Vai al Contenuto Vai alla navigazione del sito

APPRENDIMENTO AUTOMATICO ED ESTRAZIONE DELL'INFORMAZIONE DAI DATI (222MI)

A.A. 2018 / 2019

Periodo 
Primo semestre
Crediti 
9
Durata 
72
Tipo attività formativa 
Affine/Integrativa
Percorso 
[IN20+1+ - Ord. 2016] applicazioni informatiche
Mutuazione 
Mutuato: IN20 - 585SM - MACHINE LEARNING AND DATA ANALYTICS
Syllabus 
Lingua insegnamento 

English

Obiettivi formativi 

Knowledge and understanding.
Know main kinds of problems which can be tackled with ML, DM, and EC and those ones concerning text and natural language and recommendation
Know main ML and DM techniques; know the high-level working scheme of EAs.
Know design, development, and assessment phases of a ML system; know main assessment metrics and procedures suitable for a ML system.
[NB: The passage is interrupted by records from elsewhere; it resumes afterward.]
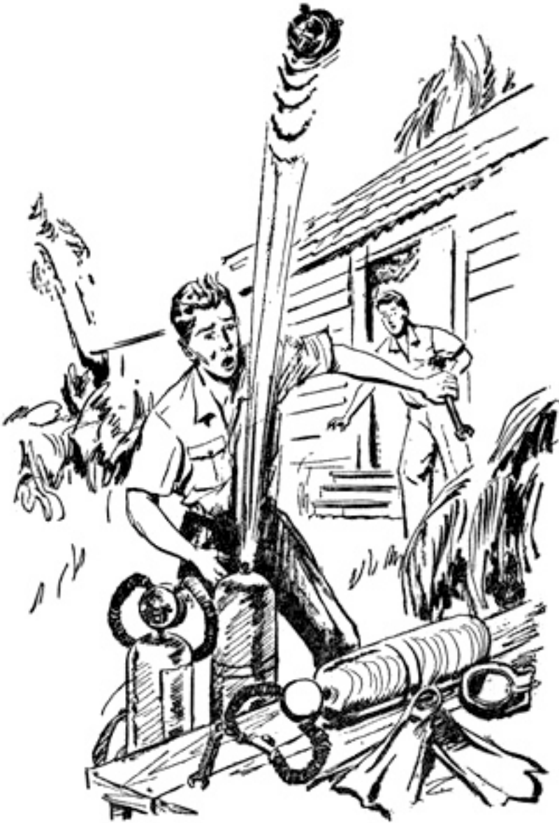
The valve assembly, traveling with bullet speed, barely missed Scotty's head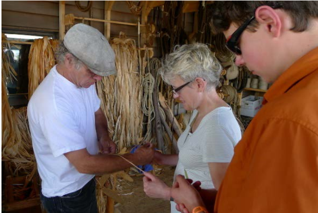
Making rope at the Viking Ship Museum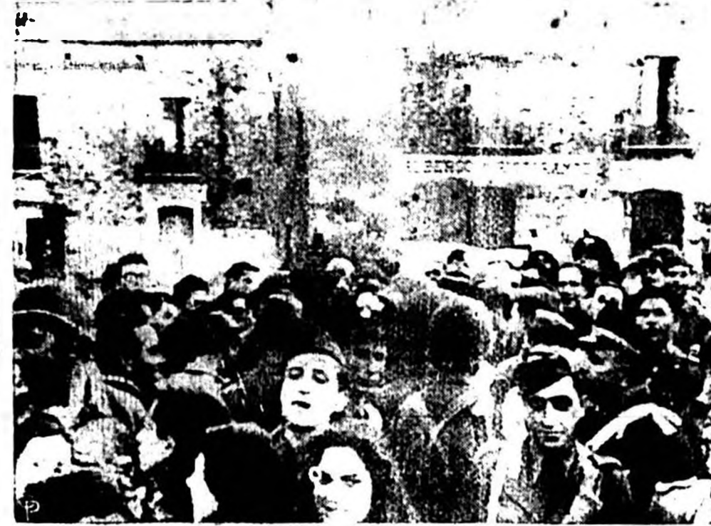
This picture, taken somewhere in Italy after the war, shows a group of veterans sitting on the floor of a room after the Yanks first set foot in the country.

ALL SOULS CATHOLIC CHURCH Pastor Sunday School, 10:45 A. M. Prayer Meeting, 11:00 A. M. Worship, 11:30 A. M.

Applying knowledge and understanding.
Formulate a formal problem statement for simple practical problems in order to tackle them with ML, DM, or EC techniques.
Develop simple end-to-end ML or DM systems.
Experimentally assess a simple end-to-end ML or DM system.

Making judgements.
Judge the technical soundness of a ML or DM system.
Judge the technical soundness of the assessment of a ML or DM system.

Communication skills.
Describe, both in written and oral form, the motivations behind choices in the design, development, and assessment of a ML or DM system, possibly exploiting simple plots.

Learning skills.
Retrieve information from scientific publications about ML, DM or EC techniques not explicitly presented in this course.

Prerequisiti 

Basics of statistics: basic graphical tools of data exploration; summary measures of variable distribution (mean, variance, quantiles); fundamentals of probability and of univariate and multivariate distribution of random variables; basics of linear regression analysis.
Basics of linear algebra: vectors, matrices, matrix operations; diagonalization and decomposition in singular values.
Basics of programming and data structures: algorithm, data types, loops, recursion, parallel execution, tree.

Contenuti 

Part T1
Introduction to data science; data analytics, machine learning and statistical learning approaches: common and distinctive aspects (more and more different in name only).
Recap. of main concepts and tools of probability and statistical inference.
Elements of statistical learning; regression function; assessing model accuracy and the bias-variance trade-off; cross-validation methods.
Supervised learning and linear models; model validation and selection; hints to regularization and extensions.

Part M1
Definitions of Machine Learning and Data Mining; why ML and DM are hot topics; examples of applications of ML; phases of design, development, and assessment of a ML system; terminology.
Elements of data visualization.
Supervised learning.
Tree-based methods.
Decision and regression trees: learning and prediction; role of the parameter and overfitting.
Trees aggregation: bagging, Random Forest, boosting.
Supervised learning system assessment: cross-fold validation; accuracy and other metrics; metrics for binary classification (FPR, FNR, EER, AUC) and ROC.
Support Vector Machines (SVM).
Separating hyperplane: maximal margin classifier; support vectors; learning as an optimization problem; maximal margin classifier limitations.
Soft margin classifier: learning, role of the parameter C.
Non linearly separable problems; kernel: brief background and main options (linear, polynomial, radial); intuition behind radial kernel; SVM,
Multiclass classification with SVM.

Part T2
Supervised learning for classification.
Training and test error rate; the Bayes classifier.
Logistic regression.
Linear and quadratic discriminant analysis.
The K-nearest neighbors classifier.
Unupervised learning.
Dimensionality reduction methods: principal component analysis; biplot.
Cluster analysis: hierarchical methods, partitional methods (k-means algorithm).

Part M2
Text and natural language appliactions (text mining)
Sentiment analysis; features for text mining; common pre-processing steps; topic modeling.
Recommending systems.
Content-based filtering; collaborative filtering.
Assessment metrics: precision, recall, accuracy@K, diversity, serendipity.
Evolutionary Computation (EC).
High-level working scheme of an Evolutionary Algorithm (EA); terminology.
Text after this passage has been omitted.